Publicado em: 08/11/2021 |

Chá e Cadernos 100.67
Mauri Paroni

Neste início do pós-covid – que não acabou, tem muita água para rolar sob as pontes – vale a pena percorrer virtualmente certos procedimentos dramatúrgicos que empregava presencialmente. Utilizo a palavra “procedimentos” pela antipatia pessoal ao uso do termo “processo” quanto à criatividade. Atormentam-me lembranças da faculdade de direito: levava pau naquela matéria. “Processo” tem a ver com normas necessariamente respeitadas por legalidade, talvez até legitimidade. Dificilmente, a criatividade exerce bons eflúvios ali.
O teatro e o roteiro são lugares mentais que vivem do e no fluxo da existência humana em qualquer cultura e tempo.
Participar do Dramamix, o festival dramatúrgico das Satyrianas, concede-me o privilégio de trabalhar o teatro no ambiente híbrido on line que compôs o nosso último quotidiano. E de dividir o que se pesquisa. Perdão pelo o uso da ironia. Sem ela, não pode haver teatro.
Este é um brevíssimo resumo do resultado ficcional escrito fora da sede de ensaios virtuais e traz visões oníricas e individuais. Enuncio as passagens e algumas reflexões que não se pretendem um “método”, palavra que costuma remeter a receitas assassinas da criatividade, esta fundamental ao tempo em que estamos inseridos.

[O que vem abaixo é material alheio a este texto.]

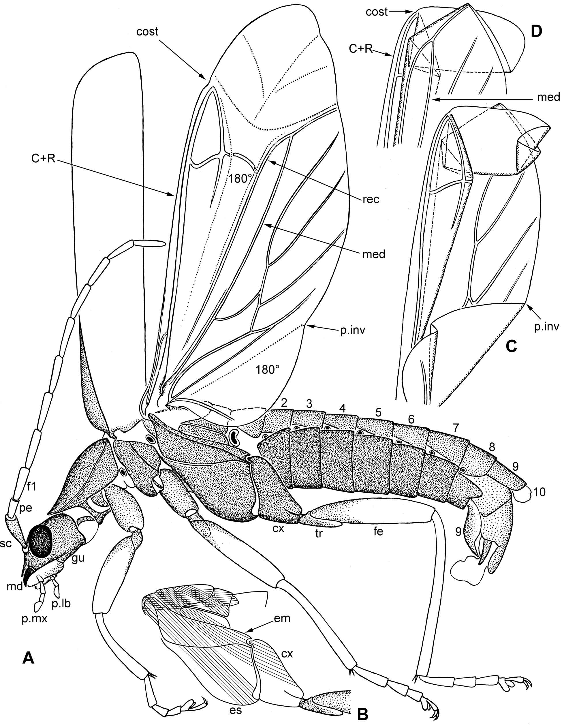 Ðèñ. 10.2.3. Eleuterata-Polyphaga: Rhagonycha fulva (Scopoli 1763 [Cantharis]). A – ñàìåö ëàòåðàëüíî (ñì. ðèñ. 10.2.4); B – ïåðåêðåñòíàÿ êðûëîâàÿ ìóñêóëàòóðà çàäíåãðóäè; C – ëåâîå çàäíåå êðûëî â ñëîæåííîì ñîñòîÿíèè (âåíòðàëüíî, êàê íà ðèñ. A); D – âåðøèíà ïðàâîãî çàäíåãî êðûëà â ñëîæåííîì ñîñòîÿíèè, äîðñàëüíî. Óñëîâíûå îáîçíà÷åíèÿ: 180° – îáëàñòè çàäíåãî êðûëà, êîòîðûå ïðè ñêëàäûâàíèè ïåðåâîðà÷èâàþòñÿ íà 180°; 2–10 – ñåãìåíòû áðþøêà; C+R – ïåðåäíÿÿ ïëàíêà çàäíåãî êðûëà (îáðàçîâàíà æèëêàìè C, Sc è RA); cost – êîñòàëüíûé øàðíèð çàäíåãî êðûëà; cx – òàçèê; em – ýïèìåðîí çàäíåãðóäè; es – ýïèñòåðíóì çàäíåãðóäè; f1 – ïåðâûé ÷ëåíèê ôëàãåëëóìà; fe – áåäðî; gu – ãóëà; md – ìàíäèáóëà; med – ñðåäèííàÿ ïëàíêà çàäíåãî êðûëà; p.inv – èíâåðòàëÿðíàÿ ñêëàäêà; p.lb – ëàáèàëüíûé ùóïèê; p.mx – ìàêñèëëÿðíûé ùóïèê; pe – ïåäèöåëëóñ; sc – ñêàïóñ; tr – âåðòëóã.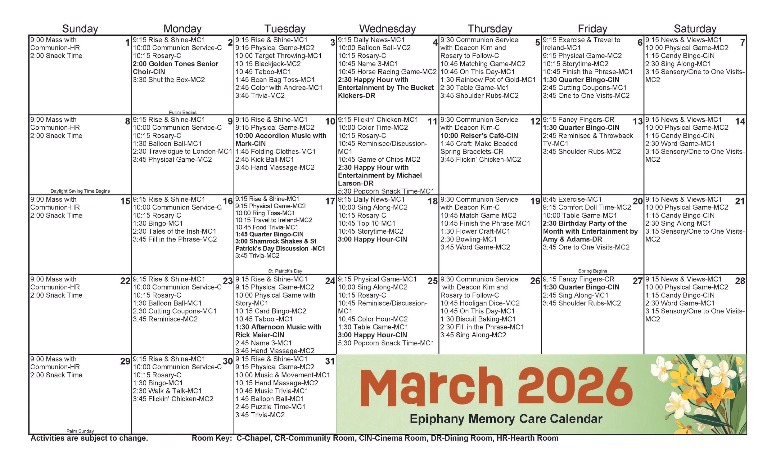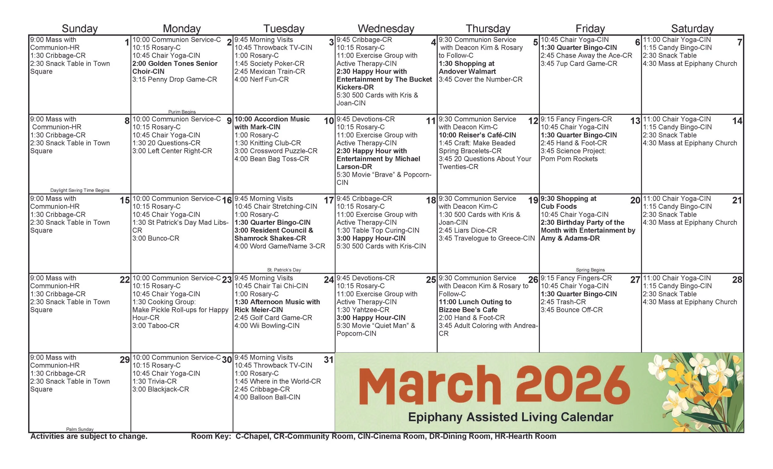 Epiphany Assisted Living Calendar
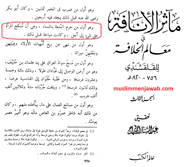 “Umar adalah orang yang pertama kali mengharamkan nikah mut’ah. Dan sebelum ia mengharamkannya, nikah mut’ah hukumnya mubah.”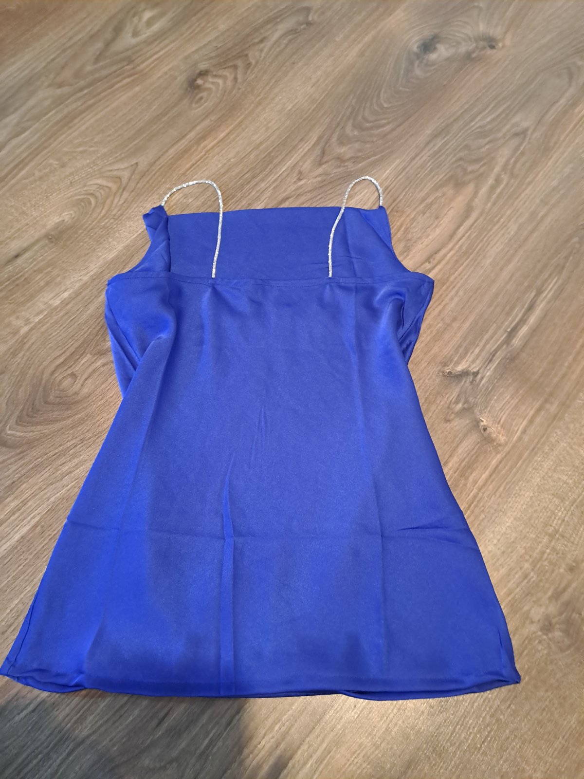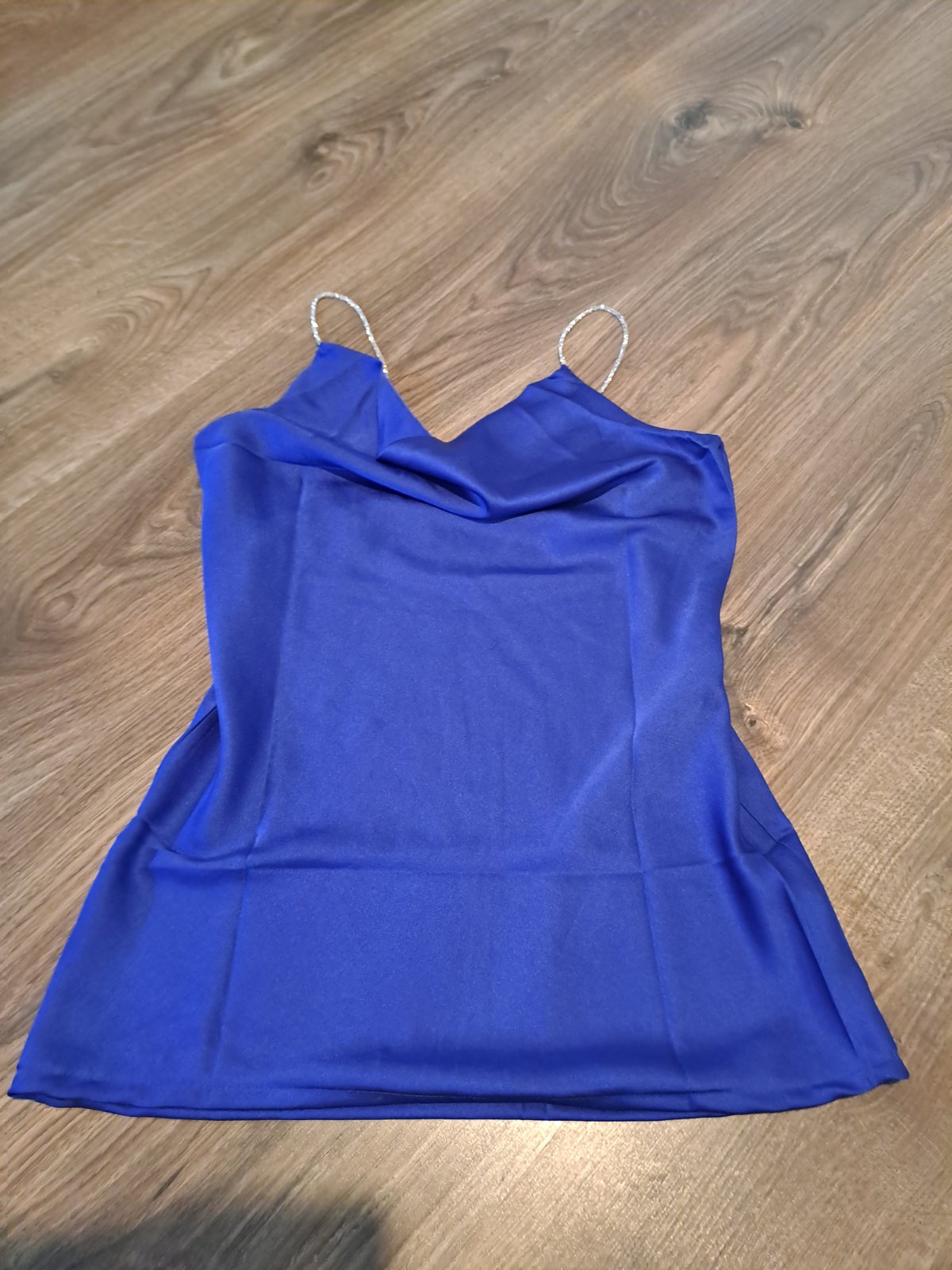 Tmavomodra, skoro az cierna farba, bezchybny stav. Bluzka je priesvitna, treba pod nu obliect este tielko. Hore sa da zapnut patentkou az ku krku. 100% polyester. Dlzka: 68cm Sirka: 49cm

1.“Onde o tempo não para”: a escolha de um pretexto na união de dois textos originários unidos. Guardadas as devidas proporções de qualidade, distância e humildade, imito o procedimento criativo do cineasta nipônico Akira Kurosawa (1910-1998). Ele usou como pré-textos e fundiu dois contos do escritor japonês Ryūnosuke Akutagawa (1892-1927): “Rashōmon” e “No bosque”. Com eles, venceu a Palma de Ouro do Festival de Cannes de 1951 do cinema japonês à Europa, numa bem-vinda inversão do sentido eurocêntrico na arte do século xx.
Sendo “maria-vai-com-as-awas” contumaz e sem humildade(*), uni dois artigos da coluna chá e cadernos.


Ryūnosuke Akutagawa
Autor desconhecido – da National Diet Library

2. Estamos num lugar mental, por enquanto: o lugar físico da sala onde serão “lidos”. O que se lê é a ação principal do drama a ser “representado” (mas não uma narração) – uma mise en espace: mise-en-espace, colocação no espaço – bem diferente do termo “direção”, em francês, mise-en-scéne.
3. Aqui, o ator principal é, também, literalmente, a personagem principal: Arara Xestal, designado como “artista”, distribui pré-textos que ainda usam a escritura de gabinete como suporte. Segura, aos atores, os bilhetinhos que lerão; quase não fala, mas organiza a dramaturgia e os movimentos cênicos diante dos – e não para os – espectadores, presentes ou on line.
Por ser também on line, emprego um formalismo “vanguardista convencional”: um cineasta que tudo filma naquele lugar mental. Presença formalizada da transmissão on line, intuitiva, descrita como “louco”, deuteragonista, silenciosa, auxiliar de Arara Xestal. É também uma citação do princípio de combinar moção com emoção, tão caro na arte teatral japonesa, visto que temos a oportunidade de ter imagens enquadradas. Coisa que aprendeu quem conseguiu não se fossilizar durante a pandemia. Deixo a dica desta pequena digressão sobre Kurozawa:
https://www.youtube.com/watch?v=doaQC-S8de8.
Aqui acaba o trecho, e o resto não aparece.